Wildlife Photographer And School Teacher Pallavi Sarkar On Her Most Famous Captures

  • IWB Post
  •  September 14, 2018

 

A High school teacher and mother of one, 37-year-old Pallavi Sarkar is a ‘ocassional’ wildlife photographer. Yep, she plans her shoots in accordance with her school schedule and gives her passion equal priority in her life. Her mastery in art was noticed by the likes of National Geographic, New York Post, and BBC.

It was the unique picture of a monkey that she had clicked which piqued the interest of BBC two years ago.
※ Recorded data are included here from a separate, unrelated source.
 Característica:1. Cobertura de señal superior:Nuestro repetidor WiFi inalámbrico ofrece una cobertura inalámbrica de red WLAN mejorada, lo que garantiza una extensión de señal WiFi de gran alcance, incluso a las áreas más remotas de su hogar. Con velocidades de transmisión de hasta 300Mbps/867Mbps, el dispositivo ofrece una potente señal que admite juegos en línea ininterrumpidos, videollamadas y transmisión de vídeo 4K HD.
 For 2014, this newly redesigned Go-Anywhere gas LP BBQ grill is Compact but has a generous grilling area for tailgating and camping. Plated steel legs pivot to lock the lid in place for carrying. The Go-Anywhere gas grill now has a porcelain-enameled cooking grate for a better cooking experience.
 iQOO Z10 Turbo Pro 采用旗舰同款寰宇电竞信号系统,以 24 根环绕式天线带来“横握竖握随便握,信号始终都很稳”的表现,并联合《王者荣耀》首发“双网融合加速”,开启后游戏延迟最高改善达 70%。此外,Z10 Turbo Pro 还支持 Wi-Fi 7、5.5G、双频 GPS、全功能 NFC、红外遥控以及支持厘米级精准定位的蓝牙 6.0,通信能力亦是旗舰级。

“I was in Bandipur National Park with my family,” she recalled. “A young macaque had just landed on the hood of a vehicle in front of us. He was playing about, and at one point, he noticed the rear view mirror.” As he continued his antics, Pallavi managed to capture the unique moment.

Pallavi Sarkar

“He started by just looking at the mirror. And then, the way his expressions changed… first he just peeked a little, then he looked into it deeply, and finally, he just kissed his reflection,” she said. “I was in the vehicle behind. For the longest time, I couldn’t even see the macaque: just his reflection on that mirror. But I eventually found a vantage point.”
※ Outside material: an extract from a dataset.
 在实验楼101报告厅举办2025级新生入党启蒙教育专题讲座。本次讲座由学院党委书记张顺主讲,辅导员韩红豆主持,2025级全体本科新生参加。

After BBC came the New York Post, and then National Geographic which featured her photographs in its ‘best bird photography’ shortlist two years in a row.

Pallavi Sarkar

“National Geographic focusses only on the birds, among all the photographs I take,” states Pallavi. “I find bird photography extremely challenging and engaging. You need a different frame of mind as everything is so unpredictable. You don’t know what the subject will do next or how it will react. It’s a game of trust and patience, as it involves moving close to the subject to get a perfect image.”

Pallavi Sarkar

Although she had never taken any formal training in photography, mentors like Marzook Mohammed and Masood Hussain gave her the much-needed guidance. Also, she prefers to do her homework before she starts her shoot.  “I make it a point to read about the local fauna before I visit any place,” she said.

While her camera boasts of thousands of pictures till date, she barely has pictures of herself. “I don’t need to be seen,” she said. “My photographs speak for me.”